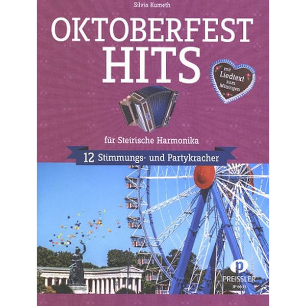 Musikverlag Preissler Oktoberfest Hits: Oktoberfest Hits: 12 party tunes for Styrian harmonica in tablature, edited by Silvia Kumeth, medium level of difficulty, ISBN 9783940013644, ISMN 9790201401232, JP 6633, 23 x 30 cm, 43 page…
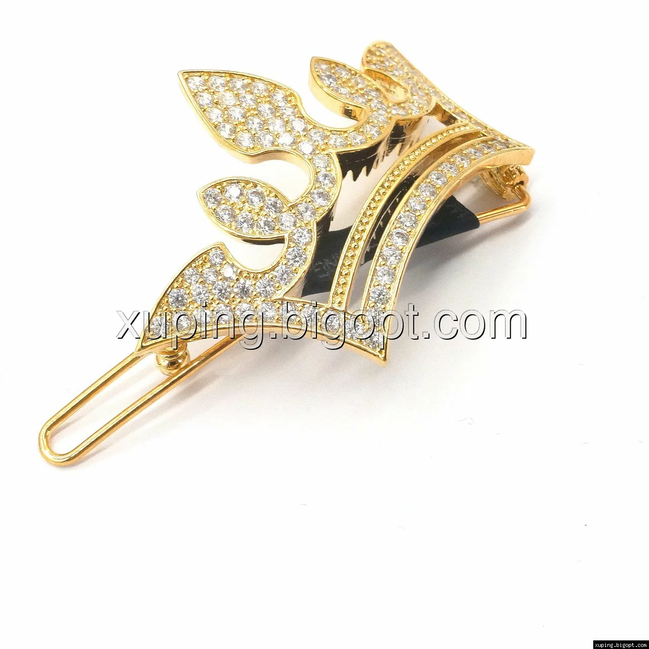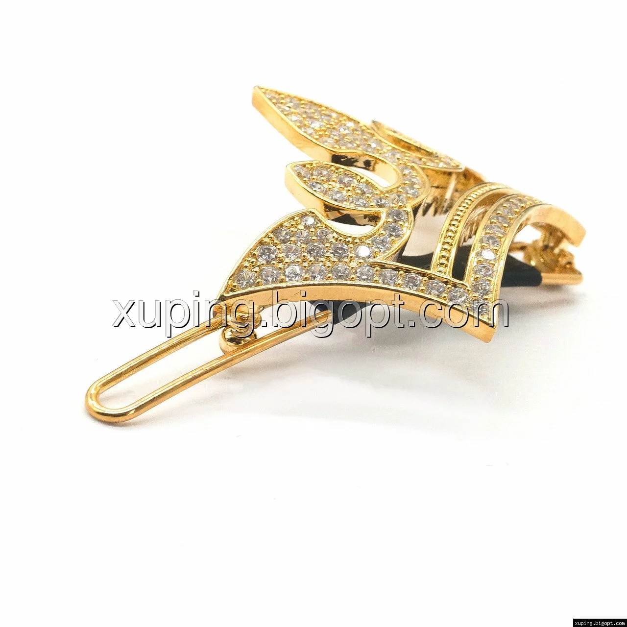 Заколка выполнена из медицинского сплава на основе латуни с добавлением легирующих элементов, с целью улучшения каких-либо его свойств, например коррозионной стойкости или прочности. Такой сплав не вызывает аллергии, не вступает в реакцию с потом человека, не меняет свои свойства под воздействием соленой воды и солнца. Поверхность заколки покрыта золотом 18 карата.
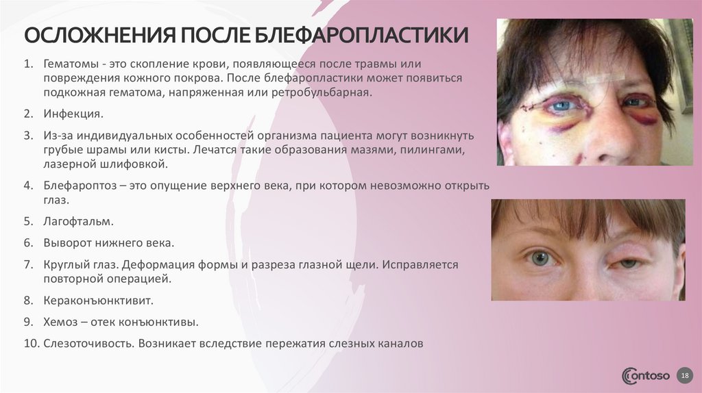 ОСЛОЖНЕНИЯ ПОСЛЕ БЛЕФАРОПЛАСТИКИ1. Гематомы - это скопление крови, появляющееся после травмы или
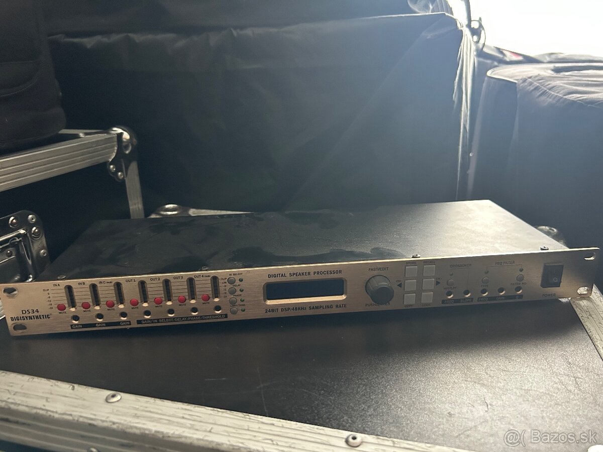 Predám digitálny signálový procesor DigiSyntheticDS34- 3 in 4 out, 24bit. Je v plne funkčnom stave. Obsahuje všetky potrebné nastavenia, delenie od 12 až po 48db/okt, limitéry, delay, na každý kanál je 5 parametrických EQ (bell, hi/lo shelf), možnosť uložiť množstvo presetov.
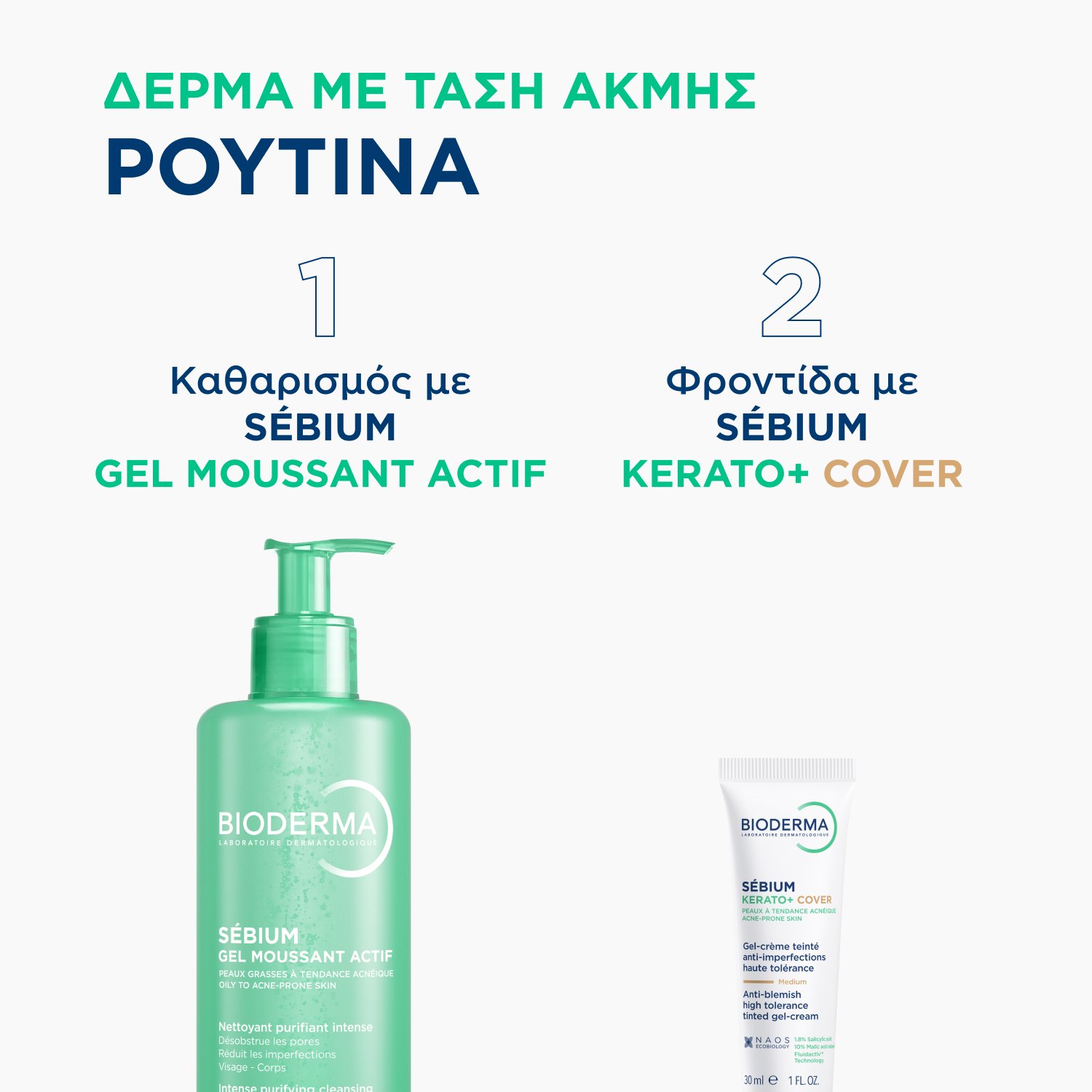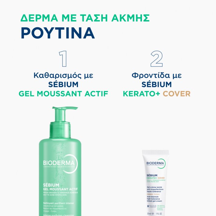 Το δέρμα με τάση ακμής είναι ένα συχνό δερματικό πρόβλημα που εκδηλώνεται με μαύρα στίγματα και λευκές ή κόκκινες κηλίδες με διαφορετικό βαθμό σοβαρότητας. Η ακμή μπορεί να σας κάνει να νιώθετε άβολα και έτσι να έχει σημαντικό αντίκτυπο στην ποιότητα της ζωής σας. Για να αντιμετωπιστεί σωστά και μόνιμα, το δέρμα με τάση ακμής χρειάζεται μια ολοκληρωμένη λύση που να εγγυάται υψηλή αποτελεσματικότητα στα αίτια της ακμής, ενώ ταυτόχρονα να σέβεται την ισορροπία του δέρματος (προϊόν με υψηλή ανεκτικότητα για να εξασφαλίζει καθημερινή εφαρμογή και να αποφεύγει τον ερεθισμό). Συμβαίνει μερικοί άνθρωποι να νιώθουν αμηχανία για την εμφάνιση του δέρματός τους λόγω της παρουσίας ακμής. Για να καλύψουν αυτές τις ατέλειες, οι ασθενείς μπορεί να εκτιμήσουν ένα προϊόν περιποίησης δέρματος με χρώμα.
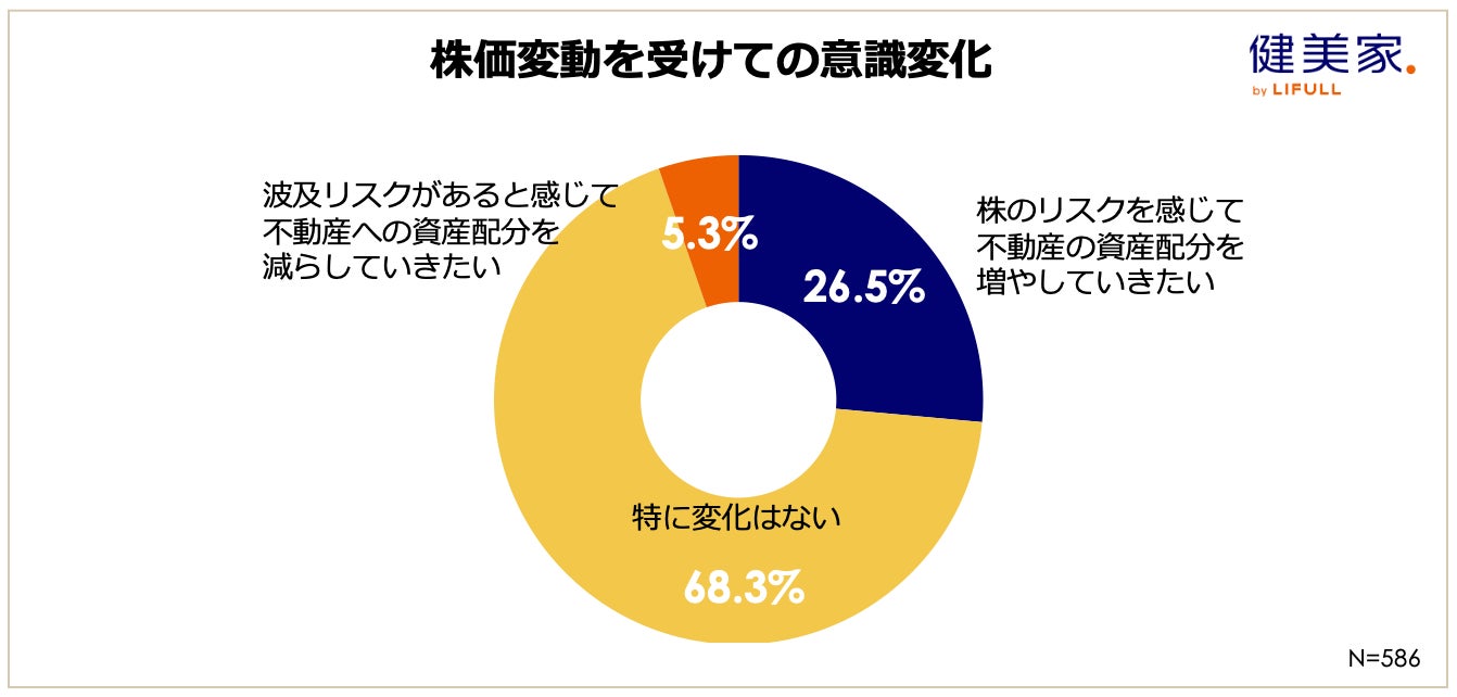 また、2025年4月の株価変動を受けての意識を尋ねたところ「特に変化はない」68.3%、「株のリスクを感じて不動産の資産配分を増やしていきたい」は26.5%となりました。
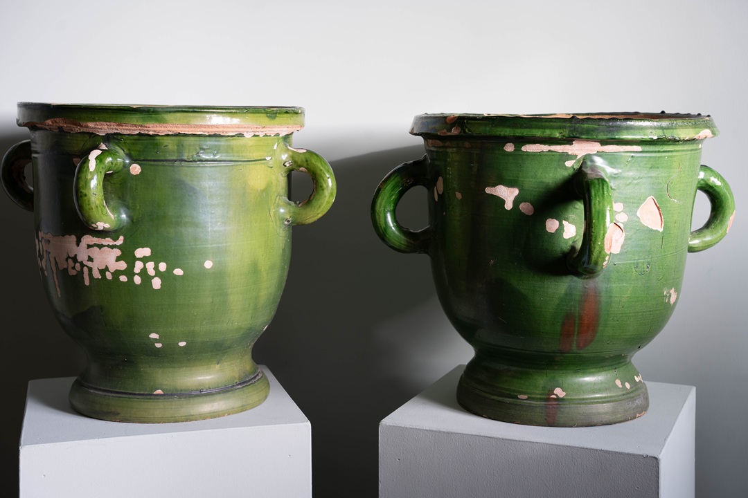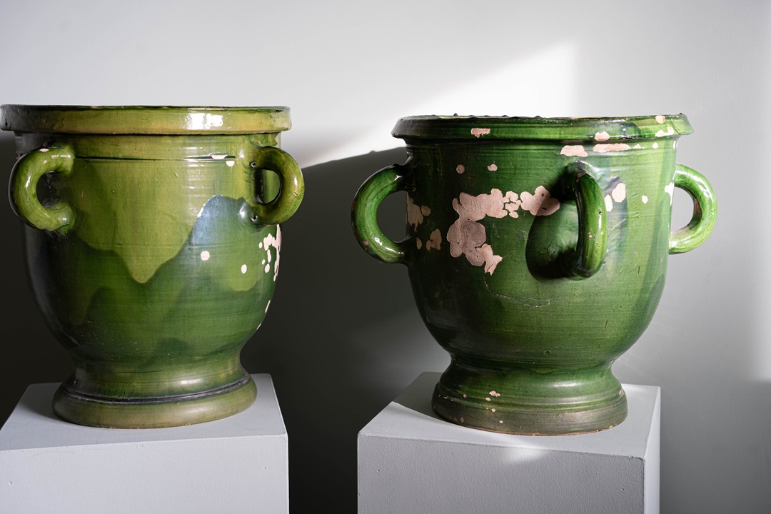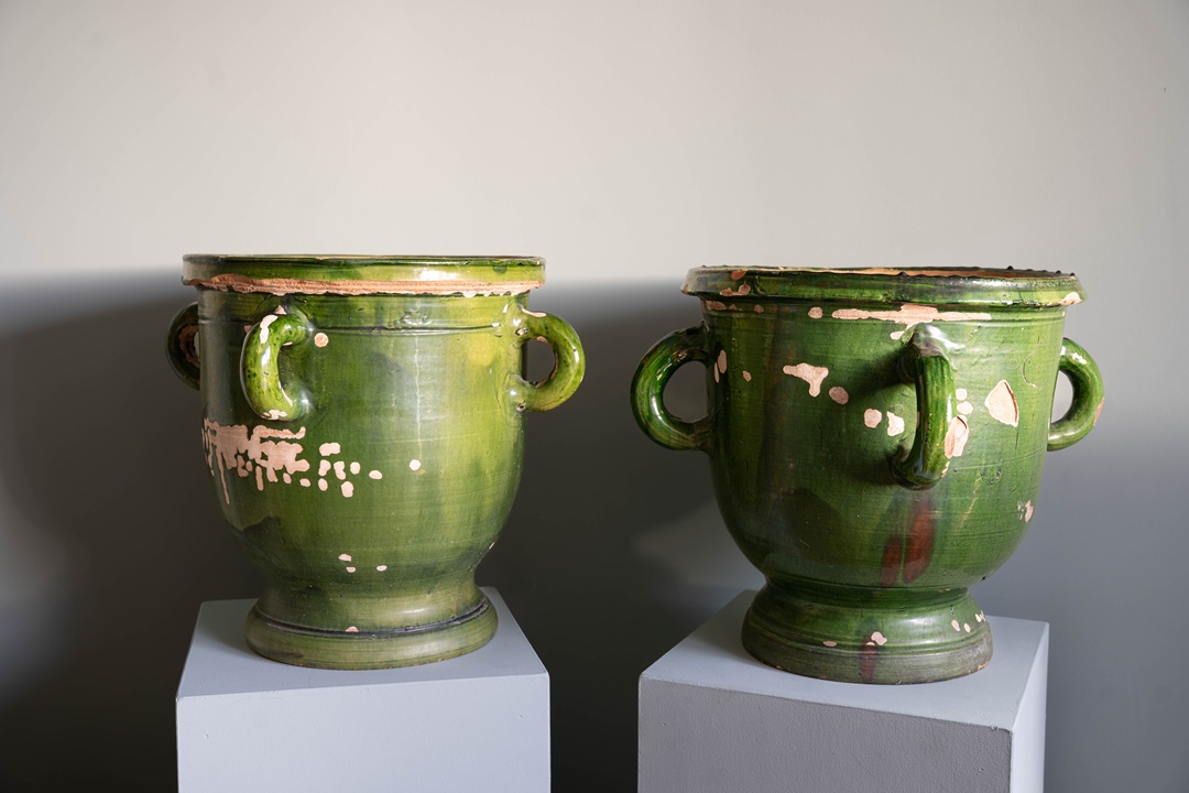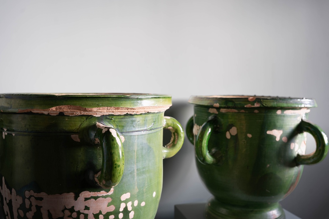 Beautifully aged and full of character, these glazed terracotta Castelnaudary pots originate from the historic Castelnaudary region in the south of France—an area celebrated for its fine pottery as well as its famous cassoulet. Their simple yet striking design has made them enduringly popular and highly sought after.

**Exercise instructions:**
Leave the pictures out and write out every entry exactly as given.

**Exercise solution:**
 Musikverlag Preissler Oktoberfest Hits: Oktoberfest Hits: 12 party tunes for Styrian harmonica in tablature, edited by Silvia Kumeth, medium level of difficulty, ISBN 9783940013644, ISMN 9790201401232, JP 6633, 23 x 30 cm, 43 page…
 Заколка выполнена из медицинского сплава на основе латуни с добавлением легирующих элементов, с целью улучшения каких-либо его свойств, например коррозионной стойкости или прочности. Такой сплав не вызывает аллергии, не вступает в реакцию с потом человека, не меняет свои свойства под воздействием соленой воды и солнца. Поверхность заколки покрыта золотом 18 карата.
 ОСЛОЖНЕНИЯ ПОСЛЕ БЛЕФАРОПЛАСТИКИ1. Гематомы - это скопление крови, появляющееся после травмы или
 Predám digitálny signálový procesor DigiSyntheticDS34- 3 in 4 out, 24bit. Je v plne funkčnom stave. Obsahuje všetky potrebné nastavenia, delenie od 12 až po 48db/okt, limitéry, delay, na každý kanál je 5 parametrických EQ (bell, hi/lo shelf), možnosť uložiť množstvo presetov.
 Το δέρμα με τάση ακμής είναι ένα συχνό δερματικό πρόβλημα που εκδηλώνεται με μαύρα στίγματα και λευκές ή κόκκινες κηλίδες με διαφορετικό βαθμό σοβαρότητας. Η ακμή μπορεί να σας κάνει να νιώθετε άβολα και έτσι να έχει σημαντικό αντίκτυπο στην ποιότητα της ζωής σας. Για να αντιμετωπιστεί σωστά και μόνιμα, το δέρμα με τάση ακμής χρειάζεται μια ολοκληρωμένη λύση που να εγγυάται υψηλή αποτελεσματικότητα στα αίτια της ακμής, ενώ ταυτόχρονα να σέβεται την ισορροπία του δέρματος (προϊόν με υψηλή ανεκτικότητα για να εξασφαλίζει καθημερινή εφαρμογή και να αποφεύγει τον ερεθισμό). Συμβαίνει μερικοί άνθρωποι να νιώθουν αμηχανία για την εμφάνιση του δέρματός τους λόγω της παρουσίας ακμής. Για να καλύψουν αυτές τις ατέλειες, οι ασθενείς μπορεί να εκτιμήσουν ένα προϊόν περιποίησης δέρματος με χρώμα.
 また、2025年4月の株価変動を受けての意識を尋ねたところ「特に変化はない」68.3%、「株のリスクを感じて不動産の資産配分を増やしていきたい」は26.5%となりました。
 Beautifully aged and full of character, these glazed terracotta Castelnaudary pots originate from the historic Castelnaudary region in the south of France—an area celebrated for its fine pottery as well as its famous cassoulet. Their simple yet striking design has made them enduringly popular and highly sought after.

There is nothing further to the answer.